Wednesday, 25 January 2006

ICT's big questions

This was my Guardian Column for early 2006


Some of the big questions that ICT pose for us in the 21st century revolve around "who owns what?", and "what is original?". It is clear that the whole issue of ownership and copyright is set to hurt education badly worldwide if we don't get our principles clear. 21st century technology is all about helping people to help each other, as I have observed before. Innately, we take a delight in helping. My daughter, currently immersed in her PGCE practice, phoned me delightedly to say that her lesson plan had been adopted by another teacher, who badged it as her own. "I must be on the right track, mustn't I?" she said, delightedly. In education we have always shared and exchanged - from Banda sheets to effective practice. In the 80s in ICT we saw really substantial numbers of teachers swapping ULPs (Useful Little Programmes) that they had developed themselves. Individual celebrity might have been on offer, but funding certainly wasn't.

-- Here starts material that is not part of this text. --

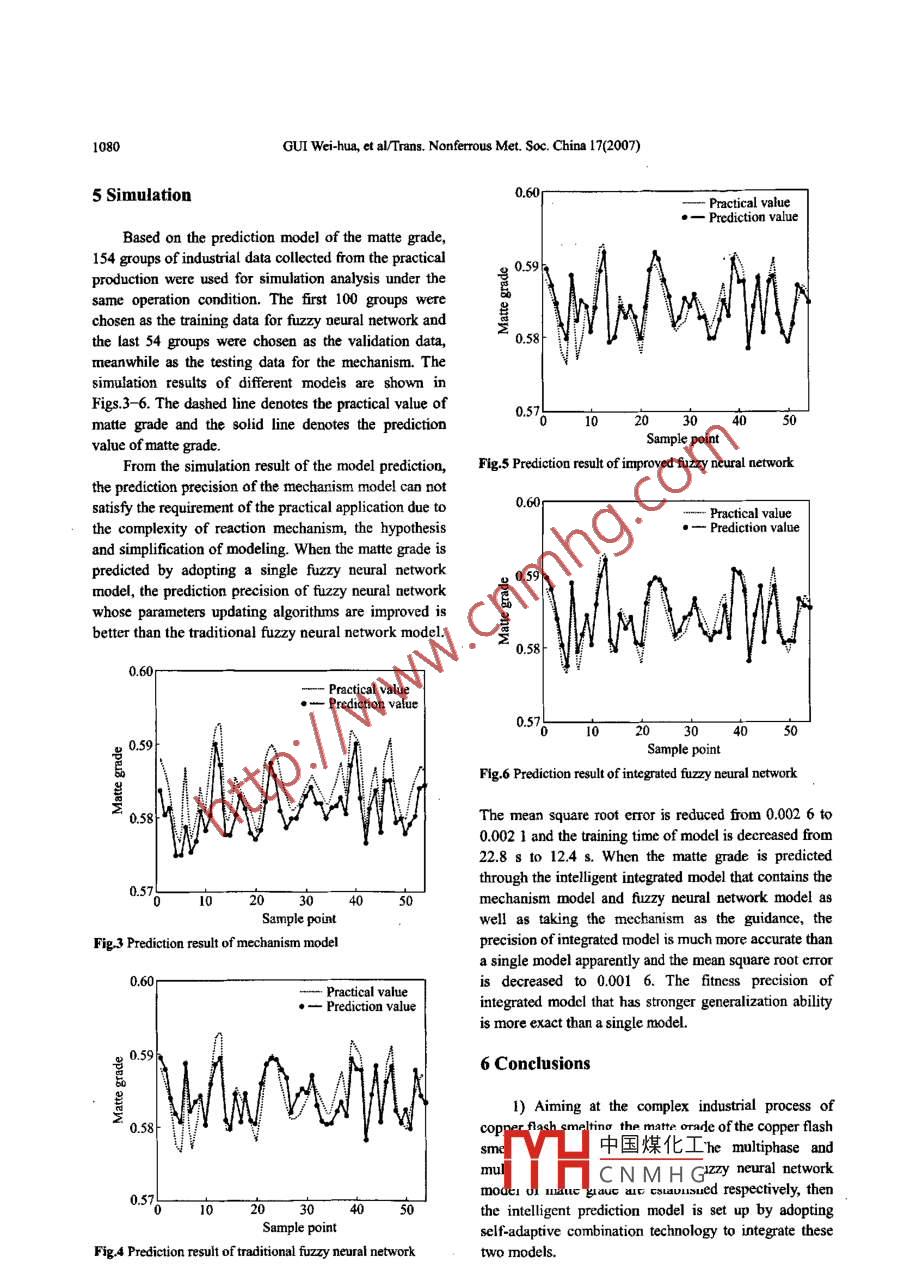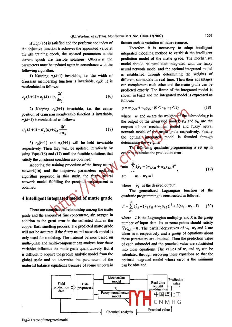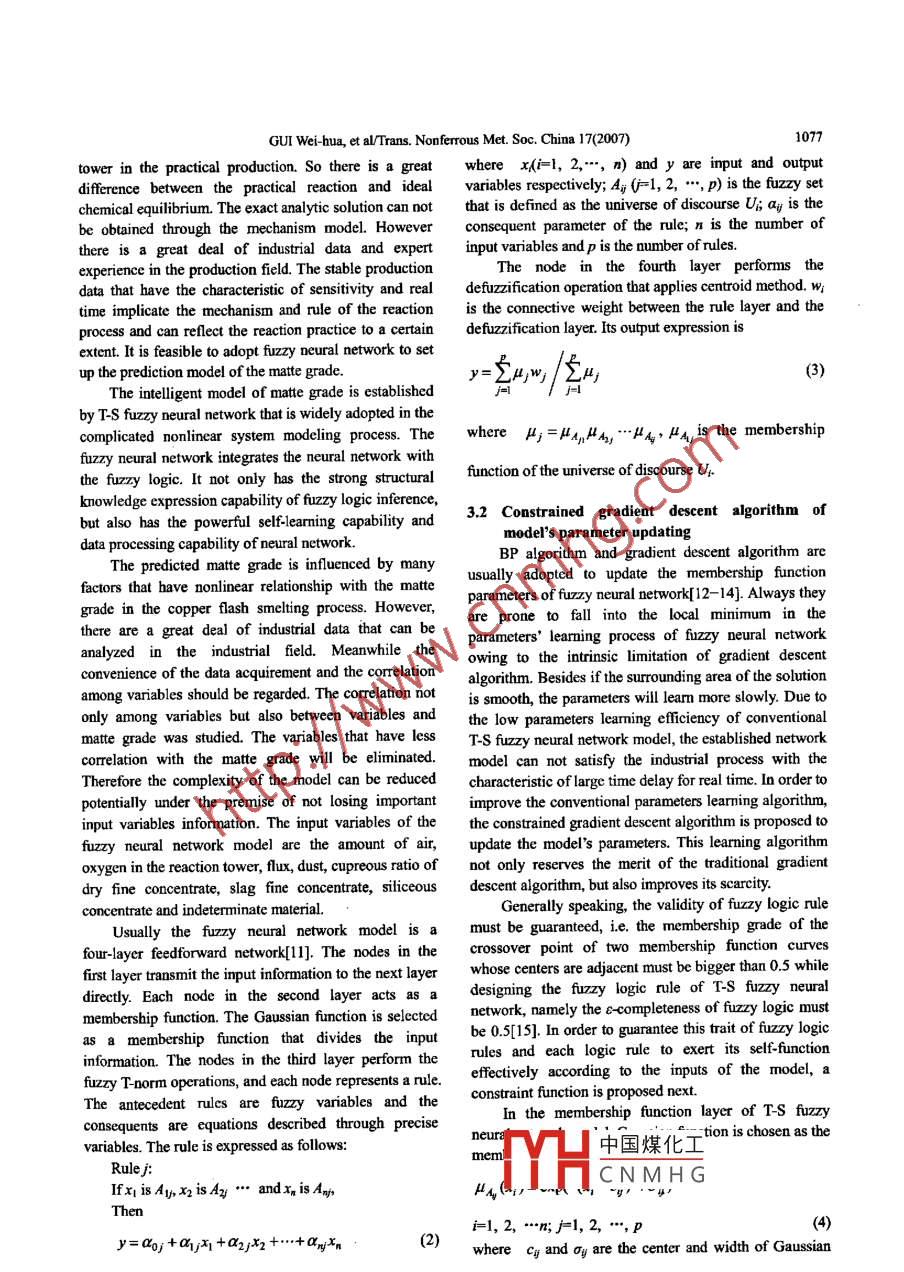Available online at www.sciencedirect.comTransactions of●cIENCE@oineor.Nonferrous M etals罵RSociety of ChinaScienceTrans. Noferrous Met. Soc. China 17(2007) 1075-1081Presswww.c5u.du.cn/yxb/Intelligent prediction model of matte grade in copper flash smelting processGUI Wei-hua(桂衛(wèi)華), WANG Ling-yum(王凌云動), YANG Chun-bua(陽春華),XIE Yong-fang(謝永芳), PENG Xiao-bo(彭曉波)School of Information Science and Engineering, Cenral South University, Changsha 410083, ChinaReceived 26 December 2006; accepted 28 June 2007Abstract: Due to the importance of detecting the matte grade in the copper flash smelting proces the mcchanism model wasestablished according to the multiphase and multi-component mathematic model. Meanwhile this procedure was a complicatedproduen process with caracteristis of large tine delay, Doninarity and so on. A fuzy neural network model was set up througha great deal of production data. Besides a novel constrained gradientdescent: algorithm used to update the parameters was putforward to irnprove the parameters learning eficiency. Ultimately the self-adaptive combination technology was adopted toparaleled integrate two models in order to obtain the prediction model of the matte grade. Indutial data validation shows that theitelligently integrated model is more precise than a single model. It can not only predict the matte grade exactly but also provideoptinal control of the copper flash snelting process with potent guidance.Key words: copper flash smeling process; matte grade; multi phase and multi-gradient descent algoritinHowever, the matte grade is detected later more than 1 h1 Introductionwhen the copper flash smelting process is finished, so itcan not supervise the production manipulation in time.The copper flash smeling process is one of theConsequently it is very signifcant to predict the mattecomplicated pyomeallurgical processes. A lot of fruitfulgrade online for stabilizing the copper fash smeltingresearches have been done for the online mechanismproduction and improving the product quality. WAN etmodel of the copper flash smelting process. Not only theal[5] established the model of the flash smeling fumnacematte grade and distribution of acessory element can bebased on the neural network and adopted it to predict thepredicted[1], but also the online control is realized fortechnological index and yield. WAN et a[6] also set upthe industry{2-3]. But this model is established on thethe dynamic quality model of the nickel flash smeltingrigorous theory of malallurgical physical chemistry. Itprocess by adopting Takagi-Sugeno fuzzy model. Also itsthe practical production there are lots of uncertain factorsstructure and parameter identification were discussed.such as many variations of mineral resources and greatBut these two approaches are not guided according to thefluctuation of the industrial status, so the practicalmechanism of reaction process then the predictedproduction process deviates from the applicabletechnological index will be not precise.condition of the mechanism model. This model can notThe idea of itelligent integrated modeling is uniquesatisfy the requirement of industrial productionwhen it is adopted to deal with the information ofcompletely.complex process that is characterized by intricate intemalFurthermore thnatte grade is one of themechanism such as nonlinearity, uncertainty and largecomprehensive indexes in tbe copper flash smeltingime dclay. Industrial data can be used for systemprocess when the amount of the treated material isideitification and neural network modeling. Theinvariable in the copper flash smelting furmace. Theexperience knowledge can also be taken as the basis ofstable matte grade is important to the smclting,expe中國煤化Ideling, In adtion,converting and the production of suifuric acid[4].the cndustrial process is1H.CNMHGs。yo、wioaFoundation item: Proijext(60634020) supported by the National Natural Science FounBasie Research and Devclopment Program of ChinaCorrespoadiag uthor: WANG Ling youn; Tel: +86-731-8830394; E-mail: susawlinghotrail.com1076GUI Wei-hua, et al/Trans. Nonferous Met. Soc. China 17(2007)the premise of the mechanism modeling. Therefore thesematte grade when tbe equilibrium model reaches balancediverse information provide convenience for thein the copper flash smelting process.integration of different modeling methods[7- 10].If the temperature, pressure and the amount ofIa this study the tmatte grade of the copper flashsubstance of each element are given in the sealed system,smelting process was predicted. Firstly the mechanismthe equilibrium state of this system will be determined.model based on multiphase and multi-component modelThe key point of equilibrium constant method is that allwas discussed; secondly a fuzzy neural network modelthe chemistry reaction reaches balance at the same timwas set up by production data and rules in order towhen the system reaches balance. The differentovercome the nonlinear dymamic characteristic in thecomponents in each phase are associated with a group ofprocess. Due to the low parameter learming efficiency, acomplex united equations through equilibrium constant.constrained gradient descent algorithm of the parameterThe amount of substance of each component in theleaming was proposed in the fuzzy neural network.equilibrium system can be obtained through solving theunited equations and this is the basic idea of equilibriumFinally the self-adaptive combination technology waadopted to paralleled integrate the two models in order toconstant method. There are Goto method, reaction coursemethod and so on according to the different concreteobtain the prediction model of the matte grade.disposing methods. All the equilibrium constant methods2 Mechanism of matte grade based onare developed based on Brinkley principle. The detailedintroduction of the general principle for equilibriummulti-phase and multi-component modelconstant method can be seen in Ref

I frequent Ronnie Scott's jazz club in London and typically pop along to see exceptional performers create something special, late into the night. If you ask me about it I'll usually say "you should have been there". The musicians are famous, and well paid, because of their ability to be ingenious and to delight their audience, differently, with each performance. In the last century the wish to ossify every performance or activity by wrapping it in a complex web of patents and copyrights reached a kind of mania. Recently, this was wonderfully pastiched by a group who claimed to have registered several million combinations of telephone number keypad tones, as "their" unique tunes. Thus, when you phoned a friend, you were breaking copyright by playing their tune!. It is ridiculous, but shows how foolish the whole thing had become. ICT is facing this problem in myriad ways. A radio programme used to be something that was owned, then performed on the air a finite number of times. But with web streaming, podcasting, MP3 storage on phones, Sky+ and more, the place and time when you listen will vary from individual to individual. As a broadcast passes from hardware to hardware the concept of "original" or "authorised" starts to wobble badly. A question that dropped into a forum I belong to showed how confused everyone is by ICT's ability to communicate and replicate: "If," it asked, "on a face-to-face course CLA clearance has been obtained for a reader-pack and the articles cleared for photocopying, can they also be scanned, pdf-ed and uploaded into a password protected VLE? Â Or are you in breach of copyright?". Who knows?!

Fortunately movements like the Creative Commons group are busy implementing good solutions to the impact of ICT on "ownership" and "rights". The BBC's Creative Archive project looks to be able, finally, to wrest that wonderful archive of broadcast material away from the lawyers and make it available for the children and families who paid for it in the first place. Others, like the UK's Teachers' TV, have started with a completely refreshing view that anything they broadcast will be freely available from their website, to stream or save, and can be used in schools, homes, on phones even, as suits the user.

Technology copyright rules, depressingly, are hopelessly biased in favour of developed economies. In the West I can protect my invention of an clever algorithm, but the Arab nation that invented the numbering system it depends on get nothing. So it is easy to see why one nation's piracy is another nation's retaliation against cultural imperialism. ICT in schools progresses by each of us helping, rather than charging, each other. The children understand this perfectly. Type "free essays online" into Google if you doubt it (and you'll get a lot more hits than if you type "buy essay online"). In the end, probably rightly, all we will be able to protect is our individual ability to be ingenious, to solve problems and to perform delightfully.

If in doing so we come to value, once again, the individual contribution of great teachers and exceptional students, and we develop skills to help us choose between them, it doesn't sound to bad, does it?